Our body can get enough calories from proteins but it may lead to malnourishment because of scarce nutrients like fats and carbohydrates.

People suffer from an issue known as, Protein Poisoning or Rabbit Starvation when their intake has an excess amount of protein and lacks other nutrients like carbs and fats.

It may also lead to an increase in ammonia and urea. They may feel hungry even after eating.

This article gives a brief view of protein poisoning, symptoms, causes, effects, and treatment methods.

Symptoms Of Protein Poisoning

Following are the common[1] symptoms of protein poisoning –

  • Nausea
  • Headache
  • Mood Swings
  • Weakness
  • Low Blood Pressure
  • Diarrhea
  • Hunger
  • Fatigue
  • Slow Heart Rate

If you have these symptoms, consult your doctor as soon as possible.

Effects Of Protein Poisoning

Protein Poisoning may cause several health problems which may include-

  1. Dehydration

    Excess protein will affect your kidneys. So you may face difficulties in passing urine. It will lead[2] to dehydration and also affects your health.

    Further, dehydration may cause problems like nausea, fatigue, and weakness.

    It will also overload and disturb the function of your liver. Eat more vegetables, fruits, and water to stay away from this issue.

  2. Calcium Loss

    Yes! Undoubtedly, protein benefits growth and boosts the development of bones.

    But excess protein can lead to some unnecessary consequences like calcium depletion.

    This may cause[3] osteoporosis, poor cartilage formation, weakened muscle coordination, and poor muscle health.

  3. Bad Breath

    Excess protein consumption has the risk of bad breath as intake of carbs is limited.

    When the body does not have sufficient carbohydrates, it has to use other sources for making energy.

    This will lead to the production of some chemicals(ketones), that give a stinky smell.

  4. Kidney Problems

    People who are taking diagnosis treatments for kidney problems are at risk[4] of suffering when they consume excessive amounts of protein.

    Proteins can make the urea nitrogen level of your body’s blood, abnormal.

    So kidneys have to work hard to flush the metabolic wastes and excess nitrogen from the body which could lead to the loss of precious minerals like potassium and magnesium.

  5. Weight Gain

    Excessive weight gain from consuming too much protein from red meat could not only cause weight issues but could also lead to[5] cardiovascular health problems too.

    When you consume excess protein, the consumed protein will be stored as fat and the surplus of amino acids will be expelled from your body and may lead to weight gain.

  6. High Cholesterol

    According to this info[6], cholesterol intake would not be more than 200 milligrams a day, but a roasted chicken breast alone contains 166 milligrams of cholesterol.

    Most protein-rich foods especially from animal sources are rich in cholesterol too.

    It may harden your arteries and cause serious and dangerous medical problems like stroke and heart attack.

  7. Bowel Problems

    Diets rich in protein and low in carbohydrates can cause unhealthy issues because you won’t get sufficient pre-biotics (a fiber that produces healthy bacteria).

    This may cause bowel problems[7] like diarrhea, and constipation. Additionally, you may also feel severe stomach cramps.

  8. Mental Problems

    Excess protein intake may lead[8] to an imbalance in the body which may result in various mental problems like anxiety, irritation, mood swings, stress, negative emotions, and depression, especially in women.

    As the levels of carbohydrates are low, it may lead to a decrease in serotonin levels in the brain.

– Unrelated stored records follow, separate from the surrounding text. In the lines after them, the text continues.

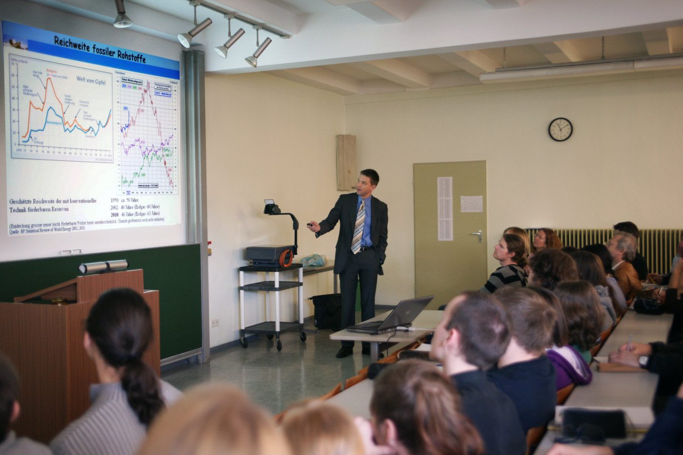 Mecking wies zu Beginn seines Vortrags auf den bekannten Grund für das zunehmende Interesse an der Nutzung nachwachsender Rohstoffe hin. Die Nutzung fossiler Brennstoffe ist wegen der begrenzten Reserven keine Option für die Zukunft. Ein weiteres Problem, das der weiteren Nutzung fossiler Energien entgegensteht, ist die gewünschte Reduktion des Ausstoßes von Kohlendioxid. Auch die Volatilität und das langfristige Steigen des Ölpreises, die sich auch gegenwärtig angesichts der Krise in Nordafrika zeigt, zwingen zum Umdenken.
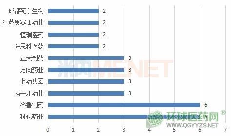 從企業(yè)申報情況看,26個品種涉及28家企業(yè)(以集團計),申報品種數(shù)超過3個(含3個)的有科倫藥業(yè)、齊魯制藥、揚子江藥業(yè)、上藥集團、方向藥業(yè)、正大制藥,其中科倫藥業(yè)、齊魯制藥以6個品種領(lǐng)跑。
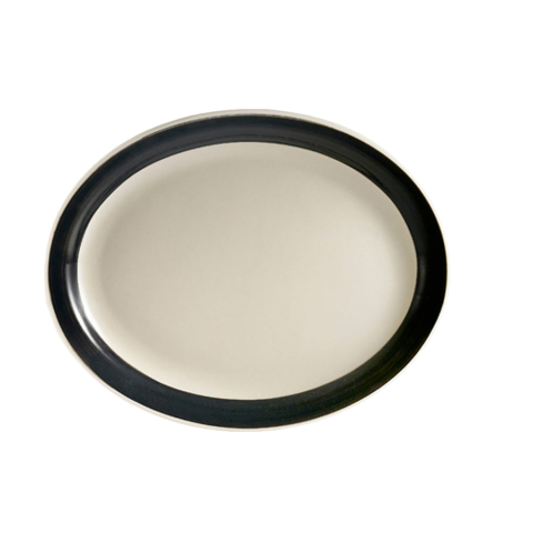 Rainbow Platter, 13-1/2"L x 10-1/8"W x 1-1/2"H, oval, narrow rim, dishwasher, oven and microwave safe, stoneware (ceramic), Black (Sold by case)
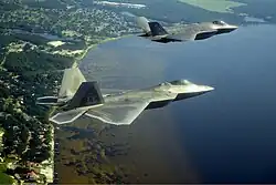 L'USAF apporta l'essentiel de la puissance aérienne alliée pendant la guerre du Golfe en 1991[48], opérant aux côtés de l'US Navy et de la Royal Air Force. Les capacités furtives du F-117 Nighthawk furent démontrées pendant la première nuit de la guerre aérienne, lorsqu'il fut capable de bombarder le centre de Bagdad en évitant l'impressionnante quantité de défenses antiaériennes irakiennes sophistiquées qui protégeaient la ville[49],[50],[51]. L'USAF, avec l'aide de l'US Navy et la RAF effectua ensuite de longues patrouilles sur le nord et le sud de l'Irak après la guerre pour s'assurer que les capacités de défense aérienne de l'Irak ne pourraient plus être reconstruites. L'opération Provide Comfort, de 1991 à 1996, et l'opération Northern Watch, de 1997 à 2003, établirent des zones d'exclusion aériennes au nord du 36e parallèle nord[52],[53], tandis que l'opération Southern Watch, de 1992 à 2003, établit une zone d'exclusion aérienne au sud du 32e parallèle nord[54],[55],[56].
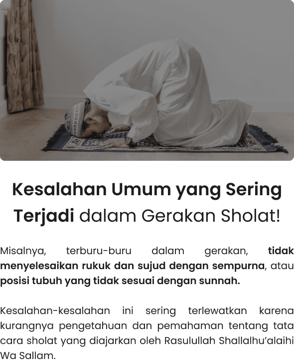 Dengan panduan visual yang mudah diikuti dan penjelasan yang mendalam, VideoBook ini akan membimbing Anda langkah demi langkah untuk melakukan sholat dengan gerakan yang tepat dan penuh kekhusyukan.
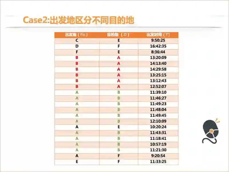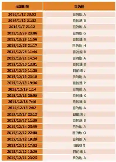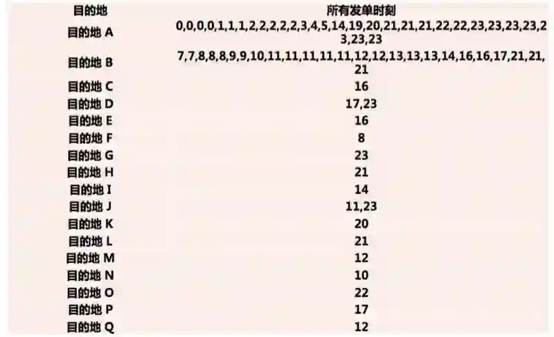 下面介绍下关键问题的求解。我们先看一个用户的数据,下表最左边一列都是用户的出发时间,右边是对应的目的地。
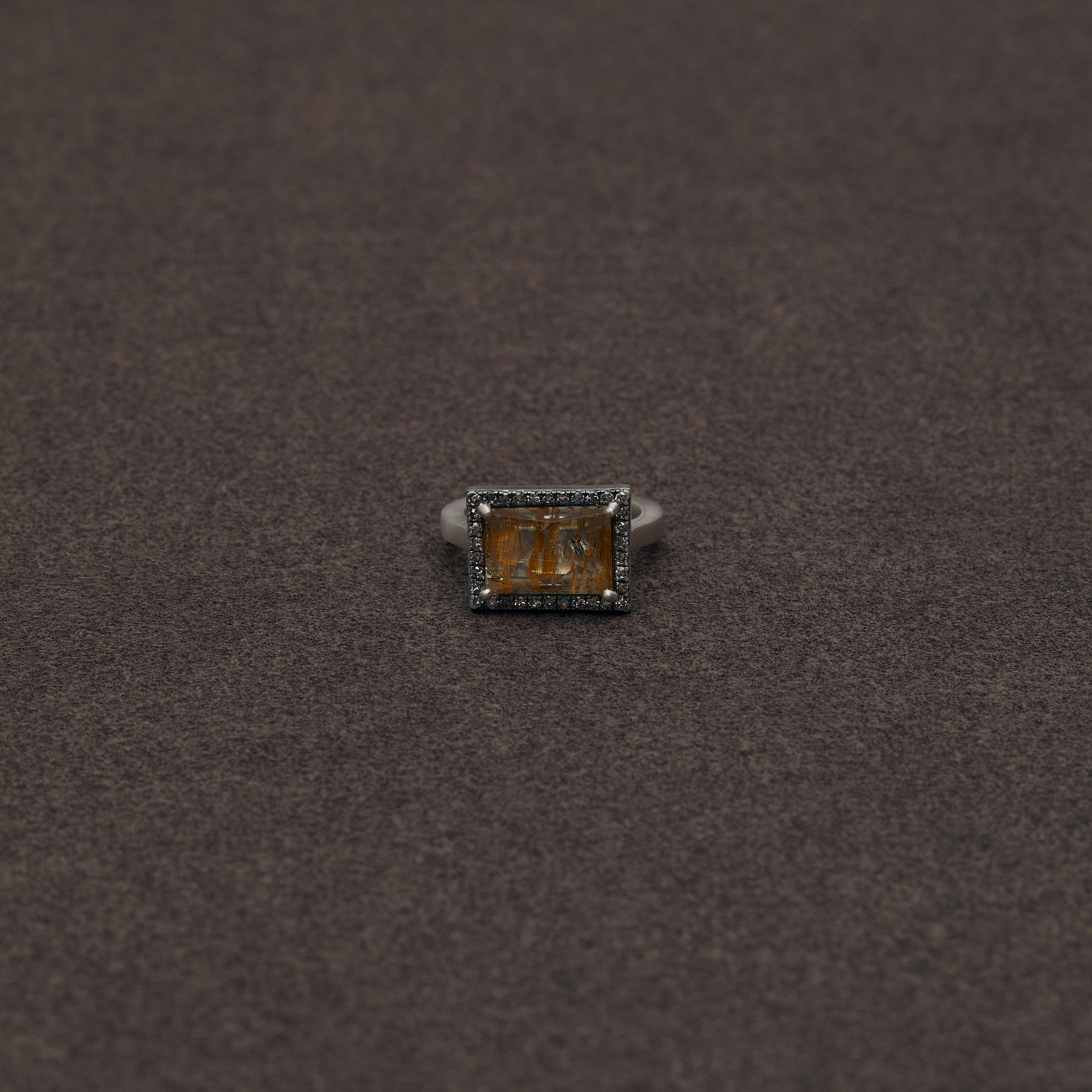 A deadstock stone that had been lying dormant for many years has been polished by artisans in Japan into a modern cut. It is surrounded by pave brown diamonds and the prongs are oxidized to give it a vintage look. It is shaped into a sharp, rectangular ring. The base metal is recycled Silver 925, with a matte finish that leaves a soft luster. This is a one-of-a-kind piece.
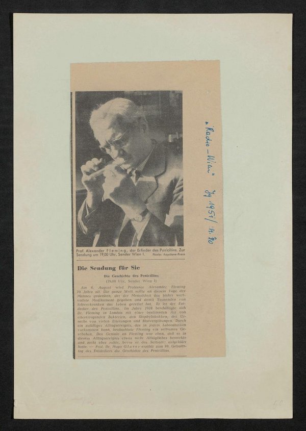 Ausschnitt aus: Radio Wien, Heft 30, 1951. Die Vorlage stammt von Keystone-Press. Das Bild ist Teil der Ankündigung einer Radiosendung zur Geschichte des Penicillins, erzählt von Hugo Glaser.
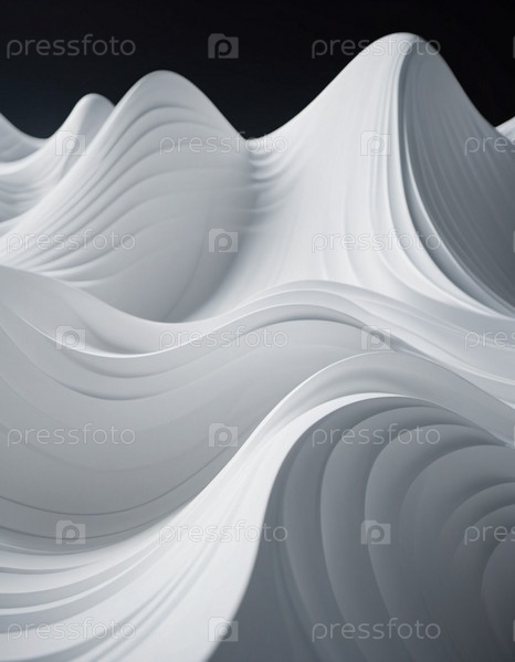 Плавные 3D-волны белого и серого цветов создают увлекательный абстрактный образец с гладкими изгибами и световыми градиентами на темном фоне, вызывая артистизм и спокойствие
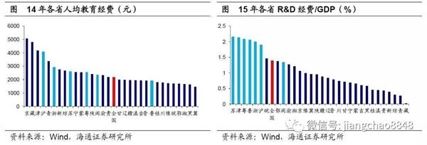 工业由投资驱动,而服务业由人力资本与创新驱动。东部沿海各省人均教育经费高于全国水平,企业研发投入占GDP比重明显高于全国平均水平,江苏、广东、山东、浙江、上海、天津占比都超过1.5%。教育与科研投入为东部沿海产业升级提供了人力与技术上的支持,科技创新与产业升级为其经济增长提供新动能。
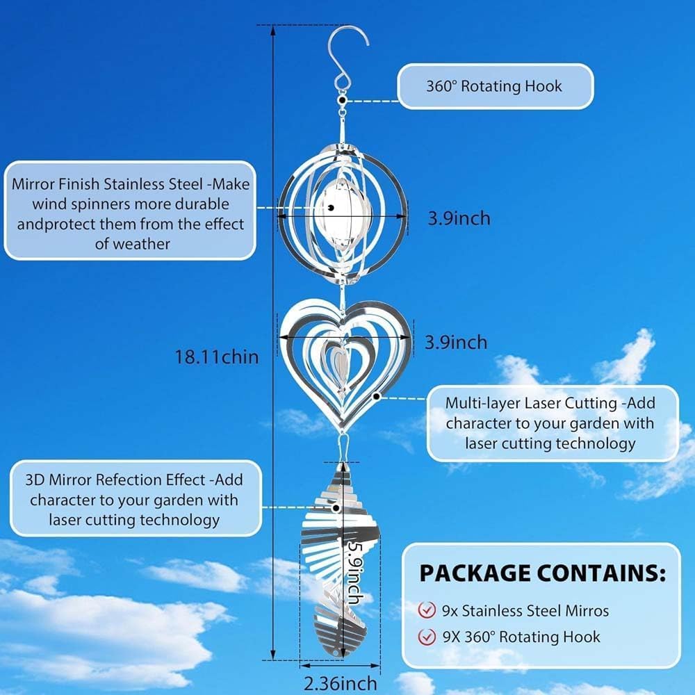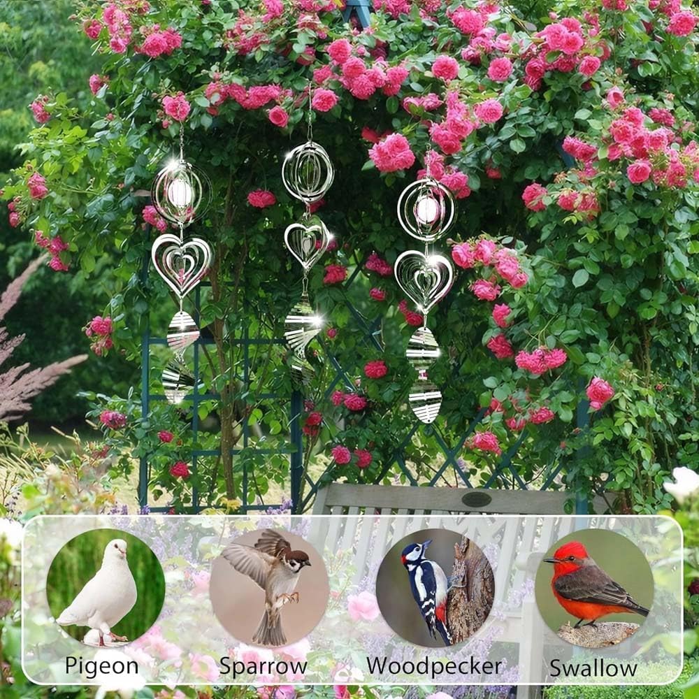 La confezione include: Rivelerai il campanello a vento 3D in acciaio inossidabile, il campanello a vento in metallo è composto da tre parti: un cerchio, un cuore e una foglia. Le nostre girandole ornamentali 3D riflettenti visive utilizzano il movimento del vento e i riflessi di luce per tenere gli uccelli lontani da qualsiasi angolazione. Invece di spaventare e danneggiare gli uccelli, il nostro dispositivo spaventa umanamente li spaventa riflettendo la luce visiva. Materiale di alta qualità: le nostre girandole a vento sono realizzate in acciaio inossidabile resistente con tecnologia di taglio laser per formare una forma vivida. Rifinito con rivestimento in vernice antiruggine, l'arredamento del cortile esterno mostra prestazioni solide a prova di tempo e può adattarsi a tutti i tipi di tempo, sia soleggiato, nuvoloso o piovoso. Con forte resistenza alla corrosione e alla ruggine. Design unico: le nostre sculture a vento 3D da appendere non solo fungono da deterrente per uccelli, ma anche come bella decorazione da giardino. I nostri dispositivi spaventosi per uccelli all'esterno della decorazione del giardino esterno utilizzano movimento del vento e riflessi di luce per tenere gli uccelli lontani da qualsiasi angolazione. Facile da usare: il dispositivo di paura degli uccelli arriva completamente assemblato, pronto per essere appeso e iniziare a lavorare immediatamente. Il girandola riflettente può essere semplicemente montato attaccando un gancio girevole, che dispone di un'apertura per appenderlo facilmente. Ampia applicazione: questa girandola a vento è adatta per uso interno ed esterno, la girandola a vento non può essere utilizzata solo come decorazioni su pareti interne, finestre e lampadari. Puoi anche metterli su alberi esterni, balconi, piscine, cortili e giardini come parte della decorazione del giardinaggio. Sono così belli che ruotano al vento e riflettono la luce del sole.
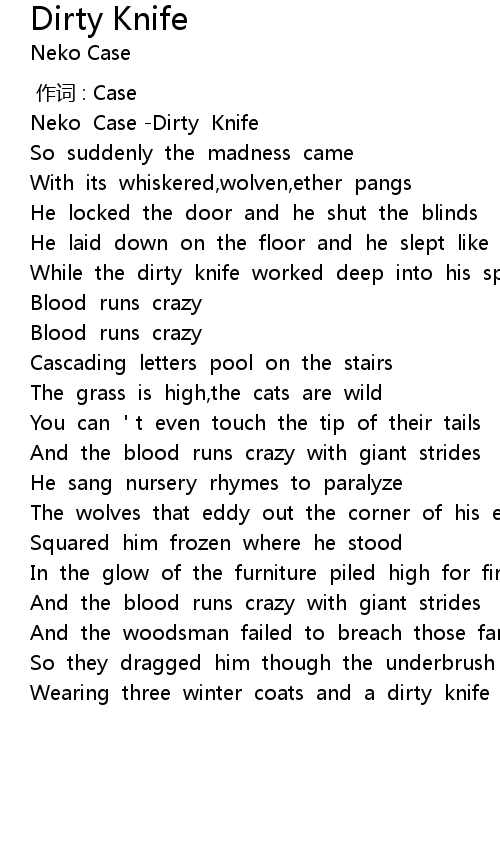 | [01:47.438] | Wearing three winter coats and a dirty knife |
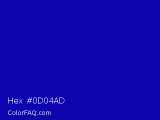 Hex #0d04ad Color is a normal indigo color and the nearest color is Zaffre #0014a8. Hex code #0d04ad and RGB value is rgb(13,4,173). In RGB color space, this color is composed of 5% red, 2% green, 68% blue, In CMYK color space, this color is composed of 92% cyan, 98% magenta, 0% yellow , 32% black , In HSL color space, this color has a hue angle of 243° , 95% saturation and 35% lightness.
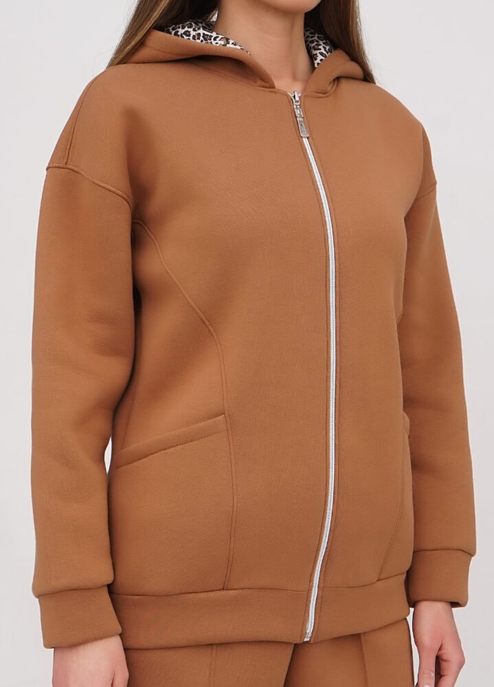Базовий комплект із кофти та штанів. Штани з еластичним поясом забезпечують зручну посадку. Модель підходить для щоденного носіння, прогулянок та активного відпочинку. Тканина щільна, приємна до тіла, добре тримає форму.
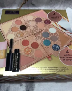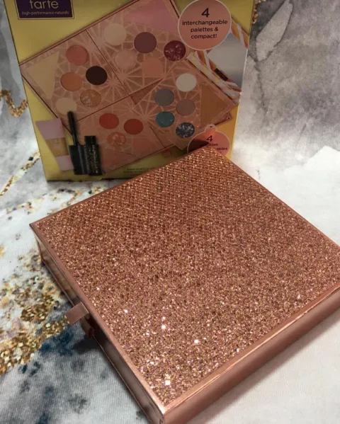 Baúl súper lindo edición especial Tarte Holidays contiene un rímel y glosa mini, 4 paletas con iluminador o rubor que puedes sacar individualmente en la paleta imantada que contiene. Tiene un espejo enorme de excelente calidad. Completamente nueva, original y con caja.
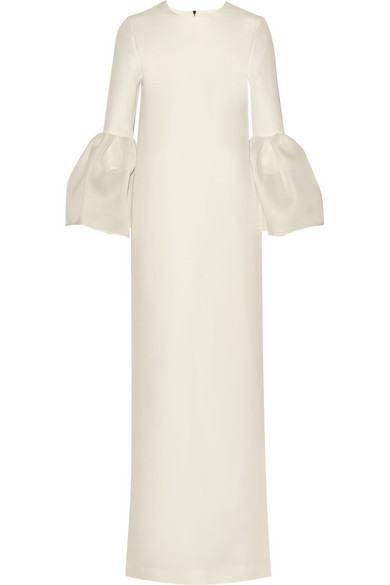 The slick, form fitting sheath boasts lantern sleeves equipped with gazar cuffs. See a similar style by the designer below:
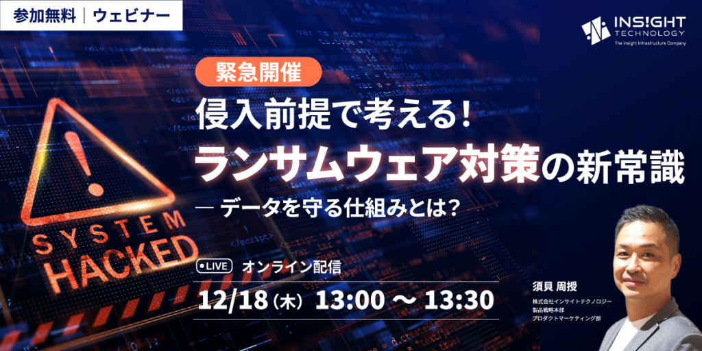 | 30分 | 【緊急開催】侵入前提で考える!ランサムウェア対策の新常識 ― データを守る仕組みとは? 以下の流れでお話します。 はじめに 第1部:ランサムウェアの最新動向と被害の実態 第2部:侵入防御からデータ保護へ ― 攻撃フェーズの理解と対策 第3部:インサイトテクノロジーが提案するデータセキュリティフレームワーク まとめ ![]() 須貝 周授 株式会社インサイトテクノロジー 製品戦略本部 プロダクトマーケティング部 |
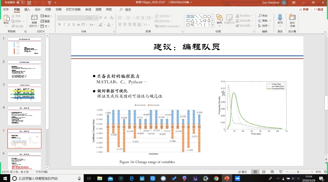 接下来,郭宪振同学详细地介绍了数学建模的流程,从选题到论文的提交,介绍了自己和队友的时间规划和分工,并分别给建模队员、编程队员、写作队员提出了几点中肯实用的建议。还对如何备战数学建模给出了一些心得,包括工具书、编程软件,以及队友的选择。特别强调了数学建模过程中的心态,建模过程中不管遇到什么困难都要及时调整心态,一个好的心态是完成比赛的关键。

    So you may feel low all day. If you are already in stress, that would be the worst ever day in your life.

  9. Others Effects

    Mostly athletes and bodybuilders consume more protein-rich foods like red meat and milk products to stay fit.

    But they may not know that excess protein consumption may lead to various diseases.

    Additionally, red meat could also increase[9] the production of trimethylamine, a chemical inside the guts. This may lead to angioplasty.

    Protein poisoning may also lead to type 2 diabetes, cardiovascular disease, liver injuries, kidney injuries, osteoporosis, and osteopenia.

    Our body gets energy from food using digestion. But these protein-rich foods are hard to digest, especially when they are rich in fat too.

    Thus protein poisoning also causes digestive problems too. Thus, it could be said that one should be mindful while consuming protein as part of meals. 

How Much Protein Can We Eat?

According to this study[10], a protein intake of 0.8 grams of your body weight will be sufficient.

Approximately, you could have 1 gram of protein for every kilogram of your weight. This would be enough for your basic body needs.

But this may slightly depend on the person’s height, weight, health status, and activities.

The protein intake range will be 1.2-2.0 g per kg of body weight.

People with kidney and liver problems, starvation, gout, and nutrient deficiency of glucose and folate-like nutrients for protein metabolism should be aware of their protein intake.

Additionally, activity levels could also decide[11] the daily protein intake of a person-

  • Physically more active people could have more protein.
  • Minimally active people could have 1 gram of protein per kilogram of their weight
  • Moderately active people could have 1.3 grams of protein per kilogram of their weight
  • Highly active people could have 1.6 grams of protein per kilogram of their weight

Old people should consume[12] more protein like 1.2-1.6 grams per kilogram of their body weight to prevent sarcopenia(involuntary loss of skeletal muscle strength mostly in old age) and age-related muscle problems.

How Can We Treat And Prevent It?

The treatment is quite simple. You may try to prevent excessive consumption of protein in the following ways-

  • Just decrease your protein intake, not to more than 2 grams of your weight, and add more fats, fibers, and carbohydrates to your meal.
  • If you are a vegetarian, reduce the overconsumption of soybeans, peas, and seeds which are sources of protein.
  • Avoid snacks made up of yogurt, cheese, and eggs which are rich sources of protein. Prepare a well-balanced diet plan that included all the essential nutrients.

Conclusion

Yes, protein poisoning is not a common disease. But you should be aware. You may doubt that diet plans like keto and paleo include excess protein intake, how is it safe?

Yes, they include excess protein intake but these diets constitute of carbs and fat, making them a complete meal.

Moreover, avoiding proteins entirely is not recommended as it may cause protein deficiency diseases.

Although protein is necessary for efficient functioning and good health, it is useless when other nutrients are not there.

So consume protein in  correct quantities based on your body and lifestyle or as directed by your certified nutritionist.

Sources/References

Working4Health prefers using primary and verified references. We have strict sourcing guidelines and our primary references include peer-reviewed research, academic, and medical institution studies.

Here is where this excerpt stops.